Western Stone Forts may be considered to be a subset of cashels. They represent the apogee of that settlement form, and are distinguished from the vast majority of other cashels by having one or more exceptionally thick, and high enclosing walls. As is to be expected, there is a gradation in terms of the prestige of individual sites. A survey of monuments in the western counties indicated that only fifteen or so can be considered to belong to the top echelon of western stone forts. These monuments have exceptionally massive walls (between 4 and 9m thick and up to 6m high), plus one or more distinctive architectural features, such as terraces, steps, guard chambers or a chevaux de frise.. Based on the evidence of archaeological excavations and of early (AD 700-900) Irish documentary sources, western stone forts can be interpreted as royal sites - i.e. they were the principal residences of the kings or sub-kings of various Early Medieval dynastic groups.
Justification of Outstanding Universal Value
Western Stone Forts represent the penultimate use of a distinctive settlement form i.e. the drystone, generally circular, enclosure, a class of monument that was widely used by the maritime communities of the north Atlantic seaboard of Western Europe, throughout much of later prehistory.
Western Stone Forts represent the apogee of the ringfort class of monument (an enclosed farmstead occupied by an extended kin group).The distribution, character, and hierarchy of forms of ringforts provides a mirror of the organisation, economy and polity of Irish society at a particular period (AD 700-1000).
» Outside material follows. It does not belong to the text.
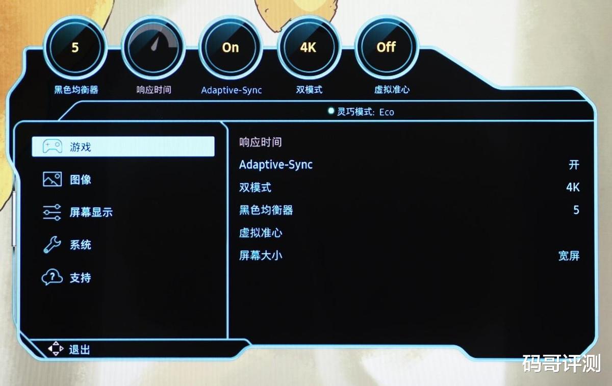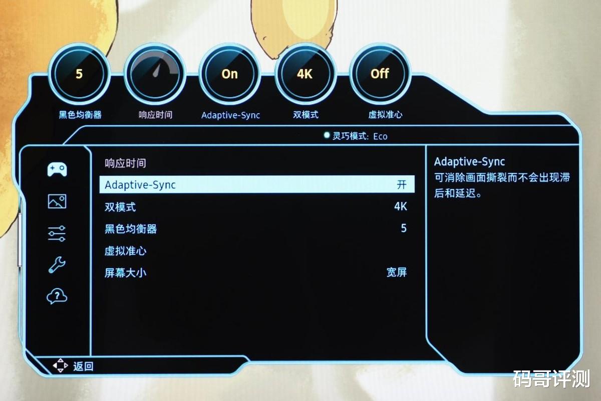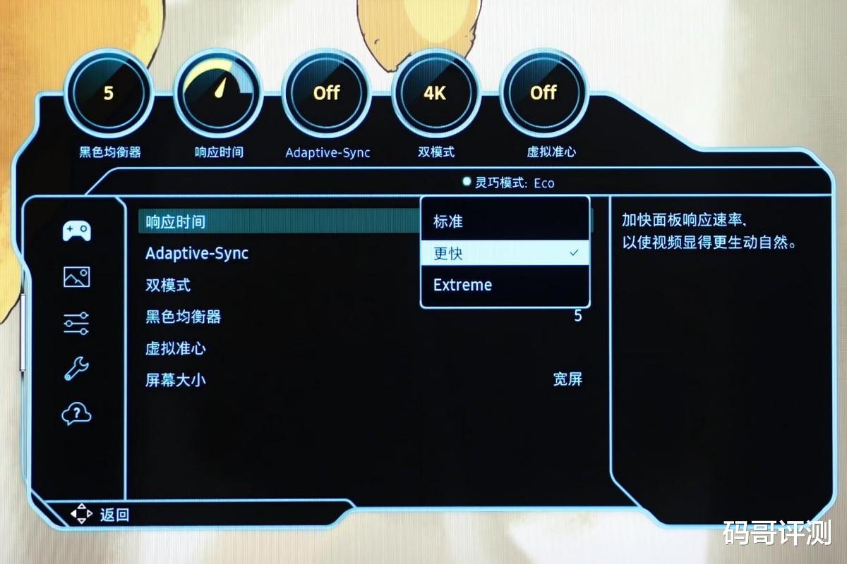 需要注意一点,三星G70F默认开启VRR(可变刷新率),对应的是设置中的“Adaptive-Sync”功能,它可以减少画面卡顿、延迟和图像撕裂现象,不过此时的响应时间是无法调节的,如果你想调节,需要先关闭这个“Adaptive-Sync”功能。

Western Stone Forts constitute an impressive corpus of vernacular architecture and represent a creative human response to the stony environment of western Ireland. Although separated in time and place from other stone fort / roundhouse traditions of Atlantic Europe, the Irish forts, nonetheless incorporate elements of an architectural repertoire peculiar to that region, in particular the chevaux de frise feature, murus duplex method of wall construction, and intra-mural features.
The landscape setting of these forts testifies to a way of life (tribal pastoralist) that disappeared in Ireland, and across most of Western Europe, at the beginning of the second millennium AD, to be replaced subsequently by the feudal lordships of the medieval era.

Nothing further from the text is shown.